One of the most studied systems in the last 20 years. The lactoperoxidase-thiocyanate-hydrogen peroxide system (LP System) is due to its potential possibilities to avoid raw milk deterioration against undesirable microorganisms. There are experimental and practical evidences demonstrating that the use of this method is innocuous. That is why, the Committee of Experts for Food Additives (JECFA) has pointed out that it is acceptable from the toxicological point of view. However, CODEX guidelines have identified the need of having greater information about the risk of exacerbation of pathogen bacteria present in milk because of the inhibition of the natural flora present in raw milk. The objective of the present study consisted on evaluating the effect of the LPs activation on the exacerbation of several foodborne pathogens: Salmonella spp., Staphylococcus coagulase-positive, Escherichia coli 0157:H7, Listeria monocytogenes and Bacillus cereus in raw milk.

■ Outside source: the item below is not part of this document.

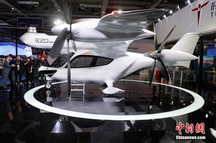 11月5日,在第七屆進博會汽車展區(qū),上海時的科技公司展示E20傾轉旋翼載人電動垂直起降飛行器。第七屆中國國際進口博覽會于11月5日至10日在上海舉行。中新社記者 殷立勤 攝
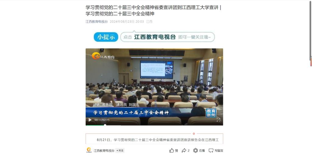 8月21日,学习贯彻党的二十届三中全会精神省委宣讲团宣讲报告会在裸聊直播 举行。省委宣讲团成员、省委党校(江西行政学院)常务副校长(副院长)李能作宣讲报告。

The experiment was carried out at the Venizie Institute in Italy. The raw milk, used in the three replicas for each microorganism studied, had good quality and it was free of microbial growth inhibitor substances. Later, foodborne pathogens were inoculated with charges 10²-10⁴ CFU/mL. The analyses used were those techniques established for the detection and/or enumeration of these pathogens. As a carrier of the LPs active principles, a product named STABILAK was used, bringing an equivalent quantity of 9 mg/L of sodium thiocyanate and 34 mg/L of sodium percarbonate. Test times per each replica in milk treated with the product (activated milk) and control milk were 0, 4, 8 and 12 hours. The LPs effects observed at 12 hours, according to the total bacterial count, showed a highly significant reduction (P<0.01) of the counting in activated milk with respect to the control; for Staphylococcus coagulase-positive, Bacillus cereus and Listeria monocytogenes, though there were no significant differences, but the control sample showed a higher growth than the activated milk. In the cases of Salmonella spp. and Escherichia coli O 157:H7, there was a similar trend between both samples without significant differences. The general behavior indicates that there was no exacerbation of the pathogens studied. Thus there is not any microbiological risk for the consumer, associated to the use of this preservation method.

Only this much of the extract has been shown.